I'm reading the following paper,
Lerdahl, F. (1988). Tonal pitch space. Music Perception, 315-349.
I'm interested in comparing what is written here with other equivalent theories. Some of these mentioned in the paper I've read so far are Longuet-Higgins, Schoenberg and Schenker. I'm sure there are several others which I may not even be aware of and I'd like to know about these too.
What are the significant schools of contemporary (20th century) music theory?
Thanks!
The major contemporary competition for Schenkerian reduction theories of pitch space is what is known as "Neo-Riemannian" theory, or NRT for short. NRT begins from the notion that chords -- and by extension key areas -- can be understood as moves on a kind of chessboard of tonal relations, where each move is a tonal interval (most usually the fifth or fourth on one axis, and the third on the other). The effective "distance" between chords is mapped in two directions on a lattice-like "net" of such moves (in German: Tonnetz).

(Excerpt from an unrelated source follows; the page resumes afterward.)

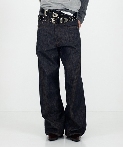 13ozナチュラルスラブローテンション織りデニムを使用したワイドシルエット立体裁断ジーンズ。

The power of NRT is encapsulated in the idea that the most common chess moves along this lattice will involve what is called "maximally smooth voiceleading," where common tones are preserved and stepwise motion of voices is preferred. The most frequently occuring transformations are labeled according to the system of 19th-ct theorist Hugo Riemann did, thus the name of the theory:
P = Parallel = C major - C minor = CEG - CEbG
R = Relative = C major - A minor = CEG - CEA
L = Leading tone exchange = C major - E minor = CEG - BEG
One can model quite complicated chromatic chord progressions by chaining these smooth transitions:
C major - Ab major = PL
C major - Ab minor = PLP
C major - Fb major = PLPR
etc.
If you are interested in learning more, you can check out the work of Richard Cohn, who is a Professor of Music Theory at Yale.